Соколов потом на чистом пустяке попался — грохнул в окно директора Сукремльского завода Вострова булыжником, а к тому камню привязано письмо-угроза: дескать, если не прекратишь, такой-сякой, штрафами мучить рабочих, не такое тебя ожидает… По почерку и определили, кто писал, потому что в полицейском участке уже собралось немало прокламаций, которые по своей собственной инициативе и сочинял и переписывал от руки Соколов Мишка.
«Конспиратора» обнаружили без особого труда, сличив почерк письменный и «почерк» другой — булыжниками по окнам.
Семьдесят пять дней оставалось по самодельному настенному календарю сидеть в тюрьме Игнату и его друзьям, когда дверь их камеры распахнулась и надзиратель втолкнул в нее Мишку Соколова.
Больно так втолкнул, сволота, аж плечо заныло, но на лице Михаила — улыбка до ушей:
— Наконец и я с вами… — И, захлебываясь от того, что не с пустыми руками, — с гордостью о том, что удалось на воле.
Игнат послушал и вскочил с табуретки:
— Хватит! Поозорничал. Сегодня во взрослые тебя окрестили, посадив в камеру. По-взрослому и будешь теперь действовать, когда выйдем отсюда. И никаких художеств… — напустил на себя нарочитую строгость, хотя Мишкиной отвагой не мог не восторгаться…
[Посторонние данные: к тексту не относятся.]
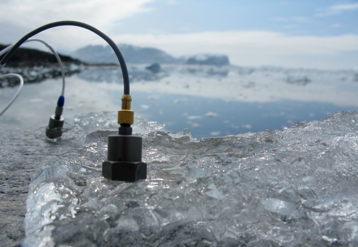 Kirkegaard dokumentiert auf diesem Bild den Klang der Eismasse der Arktis in Grönland. Sein Werk nannte er “Isfald”, was einer von vielen Namen für die Arktis ist. Foto: Jacob Kirkegaard.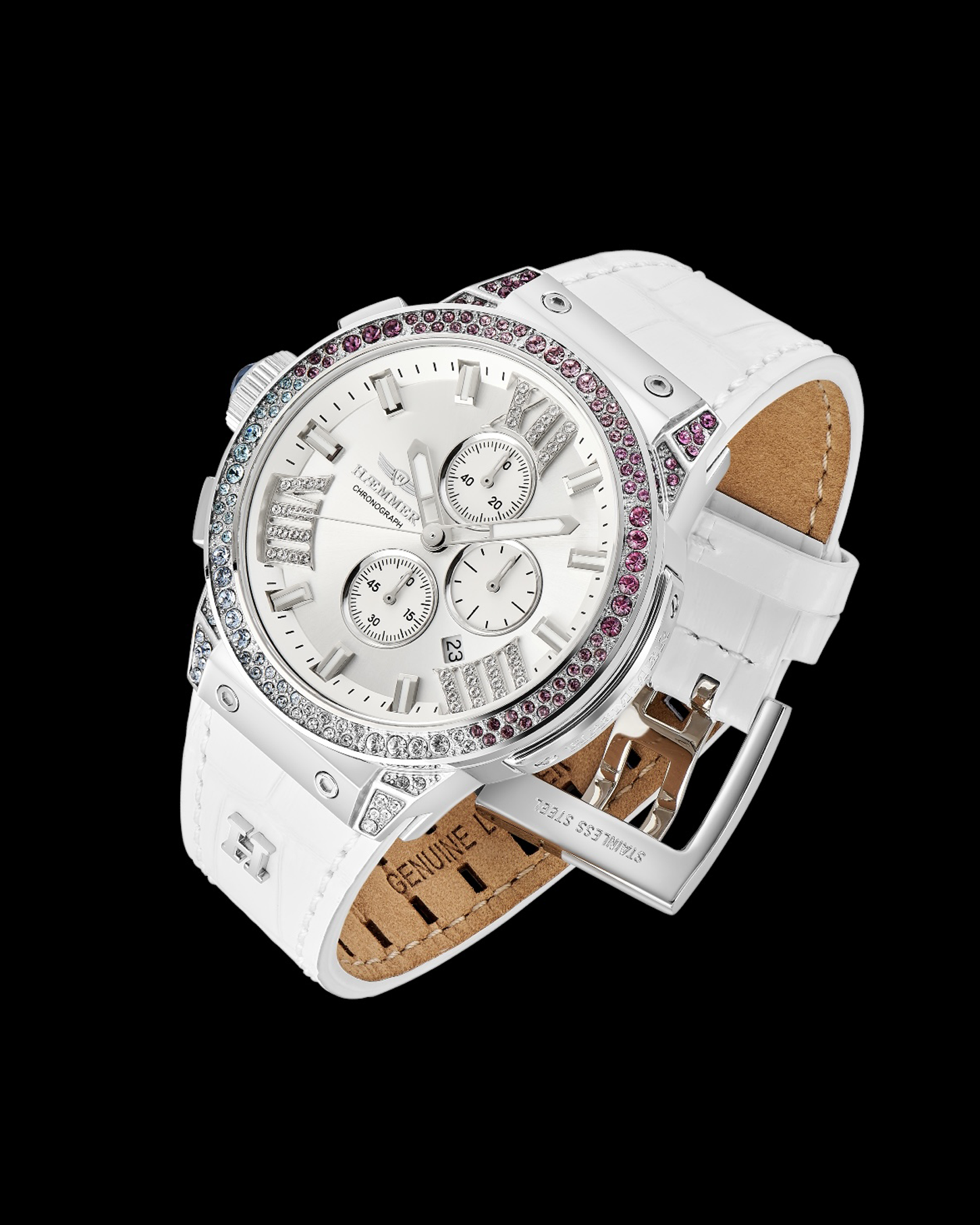 Mit ihrer klaren Ästhetik, den schimmernden Swarovski-Kristallen auf der Lünette und dem weißen Armband ist sie mehr als ein stilvolles Accessoire – sie ist ein Ausdruck von Haltung.

Сколько же лет с той поры прошло! Теперь он, Мишка, кое-для кого Михаил Филиппович, один из вожаков людиновской большевистской организации.
Да, время бежит, меняя людей и их дела…
После ледяной колодезной воды спина приятно горела, тело налилось бодростью.
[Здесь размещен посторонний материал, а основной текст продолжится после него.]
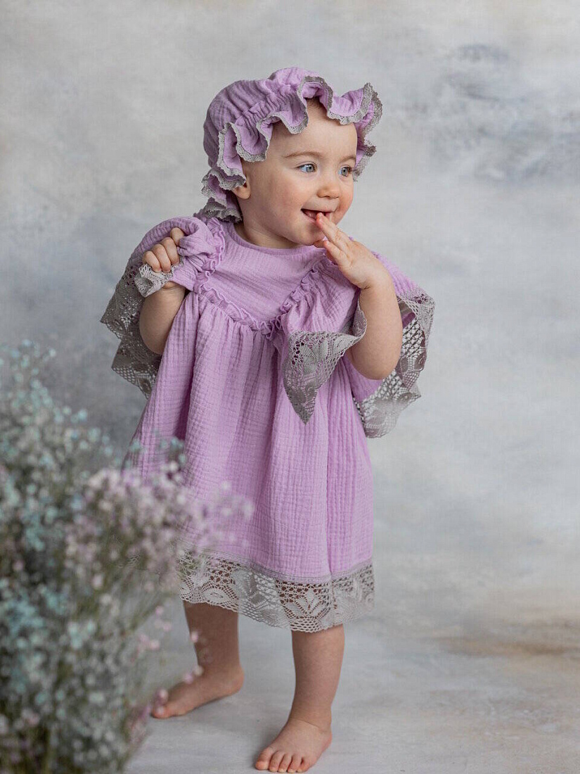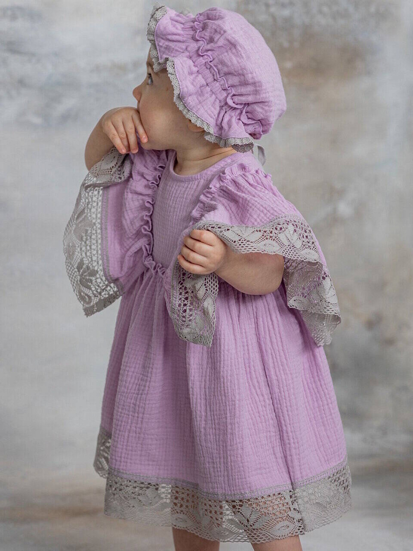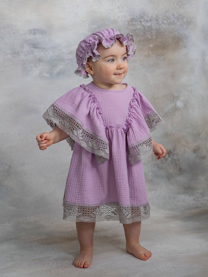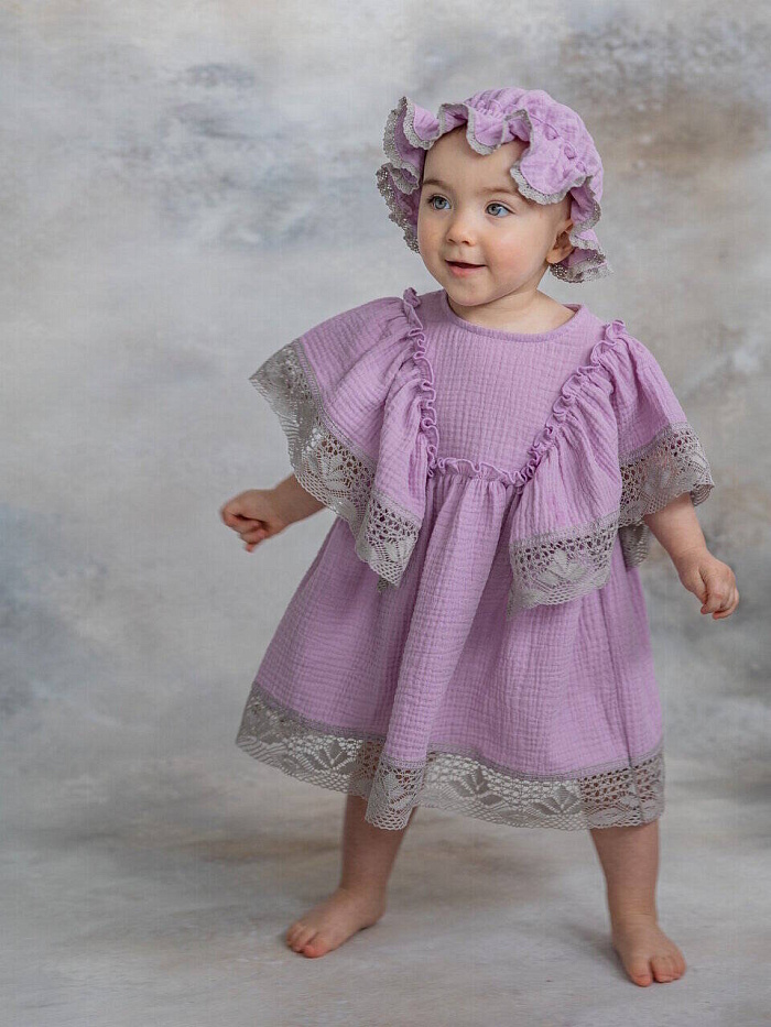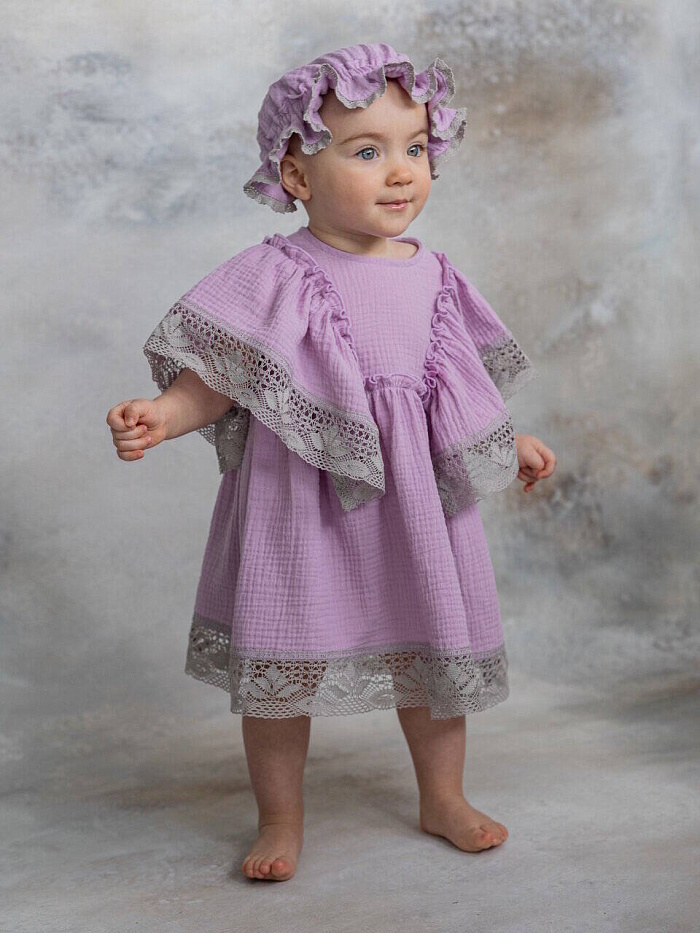 Удивительно мягкое, комфортное и красивое муслиновое платье. Украшено нежным кружевом из органического хлопка. Идеальный вариант для летних прогулок, праздников и фотосессий! Благодаря уникальным свойствам органического муслина такое платье не даст нежной, чувствительной, детской коже перегреться. А свободный крой изделия подарит юным модницам только чувство комфорта.

Глянул на окна — отец и Нюрочка еще спят. Не стал возвращаться в дом, а примостился у сарая на столбушке, вынул из кармана записную книжку и карандаш.
Вывел отчетливо, будто бусинки на нитке, буквами: «В Московское областное бюро РСДРП (б). Отчет о деятелыюсти в г. Брянске и его окрестностях члена бюро Фокина (19 мая — 27 июня 1917 года)…»
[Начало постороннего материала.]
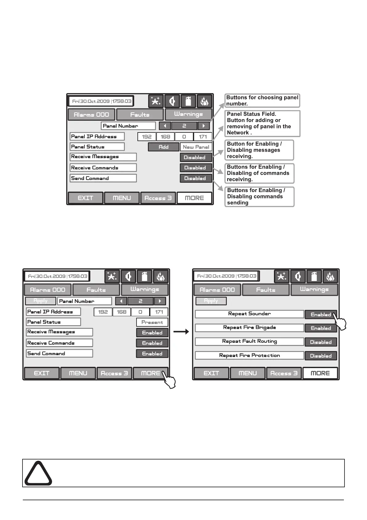 • Repeat Fire Protection - Follows the Fire Protection output status of the remote panel including the de-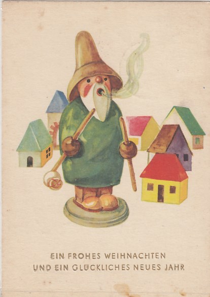 Glückwunsch AK Ansichtskarte Frohe Weihnachten Räuchermännchen

В середине мая отчет не посылал, сам ездил на заседание бюро, где доложил о сделанном за первые дни. Теперь — подробно, обстоятельно, как привык делать все, за что брался.
Вот подсчеты на отдельном листке: в мае и июне, не считая сегодняшнего дня, им прочитано в Брянске, Бежице, Дятькове, Паровозной Радице двадцать шесть докладов, рефератов и лекций. По одному докладу в каждые два дня…
Однако начать следует не с себя, ишь, важная персона — пришел, увидел, победил. Во-первых, далеко до победы, а, во-вторых, разве она будет только твоею, а не сотен и тысяч тех, кто у тебя сейчас в голове?
Итак, по порядку. Карандаш побежал по бумаге:
Организация объединенная существовала до 20 мая. 20-го вышли из организации латыши — 130 чел. На собрании латышей делал доклад о текущем моменте. 28 мая состоялось учредительное собрание большевиков. Выбран был временный комитет, причем из объединенного комитета ушло 5 товарищей (всего 10), вместе с ними потянулись и рядовые члены в нашу организацию. 16 июня был выбран постоянный комитет из И тов., 6 тов. солдат, образовавших военную секцию. К этому времени насчитывалось около 10 членов организации без латышей и солдат. К 27 июня членов насчитывалось до 200 + 130 латышей + солдатские группы, учесть численность которых не было времени. Напр., в Двинских мастерских — организация более 150 солдат. В 278-м пехотном запасном полку более 100, от этого полка поехал т. Григорьев на Всероссийскую военную конференцию».
Подумал и дописал особо:
Остановился. Затем вывел слово «Совет» и вспомнил первое там свое выступление, реакцию «банки с пауками» — Товбина, Уханова и ликование Кулькова.